Serafina’s heart wrenched when she saw Waysa go down, but she knew he had done what he’d come for, and now the rest was up to her.
She raced away as fast as she could in the moments Waysa had given her. As she scurried through the Breakfast Room, the creature came right behind her, throwing a fireball that lit up the room with blazing orange light and set the leather wallpaper on fire.
There was less than a second between life and death.
Finally, she darted through the door that led into the Banquet Hall.
She’d made it!
She was exactly where she needed to be at exactly the right moment.
As she turned the corner out of sight and ran past the room’s three giant fireplaces, she shifted into panther form. She leapt straight up the far wall, clung to the priceless Flemish tapestry with her claws, climbed it with tearing speed, and sprang through the air toward the window, which Braeden had opened for her just moments before.
But the window was far too small for a panther, so she shifted into human form in midair and landed on the windowsill.

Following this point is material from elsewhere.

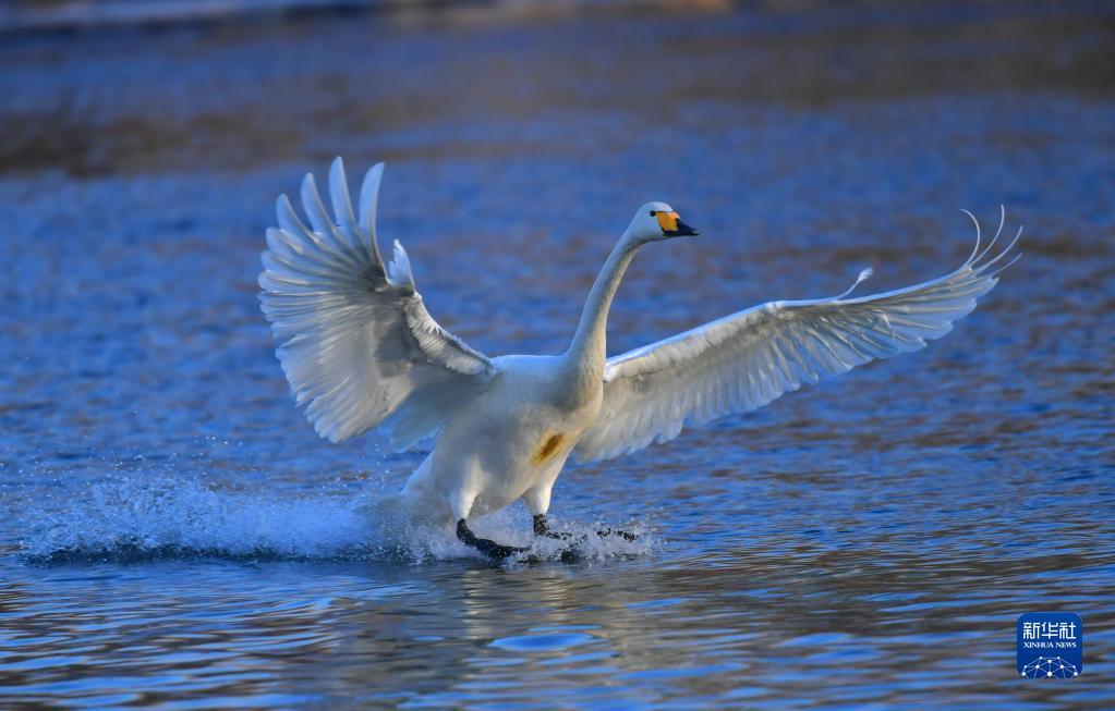 2月21日,在北票市八家子鄉紅村大凌河畔,天鵝在水面降落。新華社記者 楊青 攝

Unlike normal windows, these small, seldom-noticed windows at the top of the Banquet Hall didn’t go outside, but to a back corridor of an upper floor high above.
“Here it is,” Braeden said, handing her the coiling, hissing Black Cloak, just like they had planned. “Go!”
Grabbing the cloak, she sprinted down the length of the upper corridor, looping back behind where she expected Uriah to be, and came to a second window that looked down into the Banquet Hall. It was similar to the window she’d leapt into, but there was a reason she’d chosen this spot in the house.
Rowena had lured Uriah into Biltmore just as they had planned. Waysa had attacked him at just the right moment to slow him down. Braeden had been ready with the cloak right where they had agreed. And now Serafina was positioned directly over the door that Uriah was coming through as he entered the Banquet Hall in search of her.
Seeing Uriah below her, Serafina leapt.
As she fell through the air she stretched out the Black Cloak in her arms, coming down on Uriah like a giant black bat. But as she came down, she realized her timing was off and she was going to miss him. If she’d been in her panther form she could have used the twist of her tail to change the angle of her attack in midair, but she needed to be in her human form to hold the cloak. And now she was going to fall uselessly to the floor behind him. But in the moment of her fall, she used her new powers to shift the air around her with a violent push, and for a split second she wasn’t just controlling the movement of the air, she was the air itself. Ashes to ashes, dust to dust, she thought. I am human and panther. I am body and spirit. I am all things in the darkness.
Her timing was perfect. Just as Uriah came through the doorway, she fell directly upon him and pulled the inner folds of the open cloak over his head and shoulders.